My pupils instead focus on a cloudy and greasy stained pint glass, surrounded by a smattering vomit of loose chain – turned with the Queen’s head upwards. At such times you can only curse you lack of privilege and status. Just where is the butler with the ice and slice in the drink of your choice and the, my oh my, soothing flannel for this…HEAD!
Sweet Jesus, this head. It feels like a prematurely born baby that simply should not be moved from its incubator. Please get better. A constant ringing is reverberating around my eardrums like a television on standby. Paused in delicate inertia for so long, so often I know something more than rest is needed, my head throbs confirmation, experience screams consent but I am not moving, I’m not moving anywhere. At this moment in time? Sod life’s experiences.
No. No, I need to get up. I need some fluid, some, some food. Anything. But I can’t, I do not want to. I am not going anywhere. Well I didn’t, for four years.
In a state of acute dehydration, befuddlement and utter self-loathing I learnt to gradually love every moment. With every onset of the hooch humps and cheap lager melancholy, reflective triumphalism sprouted green mature veins.

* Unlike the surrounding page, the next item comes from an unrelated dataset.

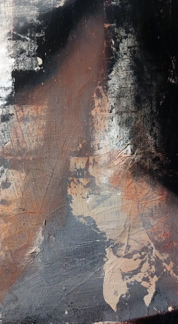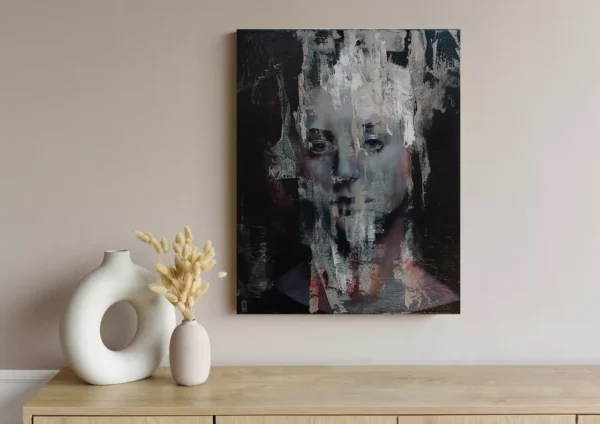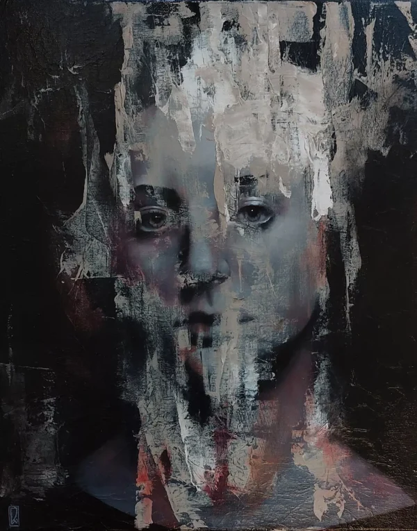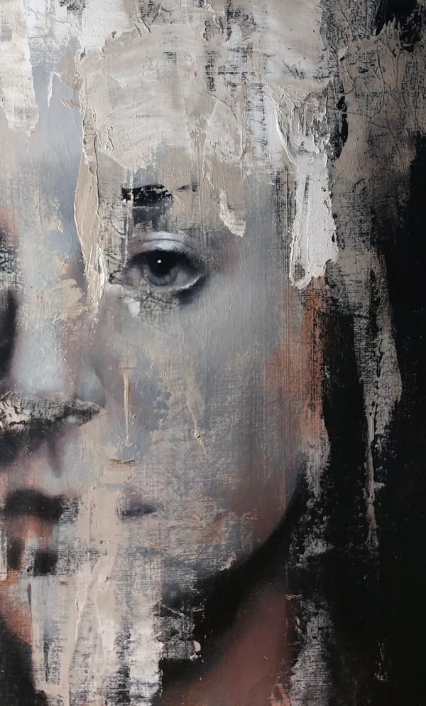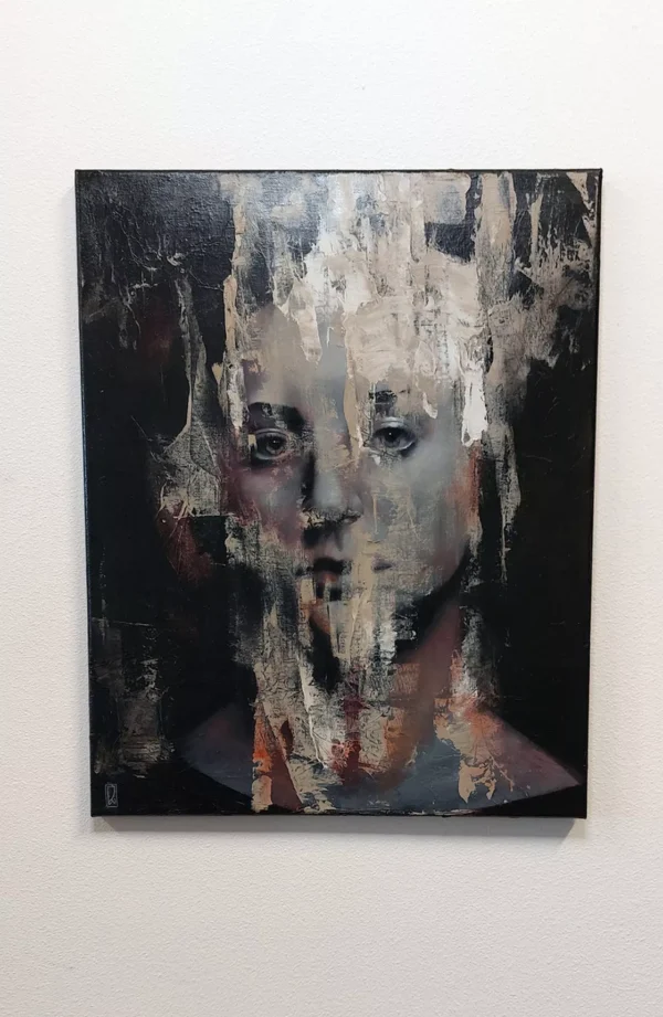 This work is part of the “Ephemera” series, which is focused on emotional, dream-like representations of the figure. Through the fusion of realism with expressive, textured brushwork, the central figure emerge from an atmosphere that evokes a tension between identity and dissolution, suggesting fleeting moments in which their thoughts and feelings come to the surface. The overall mood is one of mystery, fragility, and emotional depth, drawing the viewer into a psychological space where the boundaries between presence and absence blur.

I could suddenly reflect on years of previously wash-away events and memories – I lay there for four years and created a past, I created an experience.

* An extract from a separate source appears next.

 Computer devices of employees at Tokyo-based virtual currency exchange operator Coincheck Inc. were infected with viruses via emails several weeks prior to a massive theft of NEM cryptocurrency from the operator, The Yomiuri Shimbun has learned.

For to long the years spanning from the age of seventeen to the early twenties had congealed in a bulbous jelly, no age was distinct, separate or distinguishable from another. Not when you are lying down mummified or attempting to impress a seasoned local landlord with orders that he has happily washed down himself one frivolous morning. My misspent education.
Or was it?
With the sub-conscious – well I think that it was ‘sub’ but I am probably kidding myself – erosion of one formal education I was mentally beginning to piece together a glass that gave prior years new meaning and fresh reflection. It is an obdurate sale, the glass has a few greasy thumbprints I cannot deny that. I mean, how do you convince your hard labouring single Mother that it is perfectly fine to be missing consecutive lectures on the economics of the Pacific basin so long as you are now, in booze blues reflection, obtaining meaning and worth in the years spent cleaning pie ovens and packing salt with a hair piece on.

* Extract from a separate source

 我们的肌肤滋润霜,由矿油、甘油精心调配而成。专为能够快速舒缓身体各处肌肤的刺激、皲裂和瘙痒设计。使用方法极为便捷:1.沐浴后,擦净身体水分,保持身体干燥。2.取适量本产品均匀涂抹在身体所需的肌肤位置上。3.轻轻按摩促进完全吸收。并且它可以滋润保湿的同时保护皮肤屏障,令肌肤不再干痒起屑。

Yet that was exactly it, my formal education became significantly insignificant. My immediate reality was lucidly making sense of my past that in turn was shaping a coherent future for the first time.
I still could not get out of my head, or is that bed? I still couldn’t move, I still didn’t wish to unwrap my feet to the dawn of early evening. Simply put, I still wasn’t helping myself to get any better. But I no longer thought that days spent cleaning pie ovens was an exercise in futility. You have to thank university education for that. Rejecting the mainstream in favour of a headlong rush in to self-nihilism.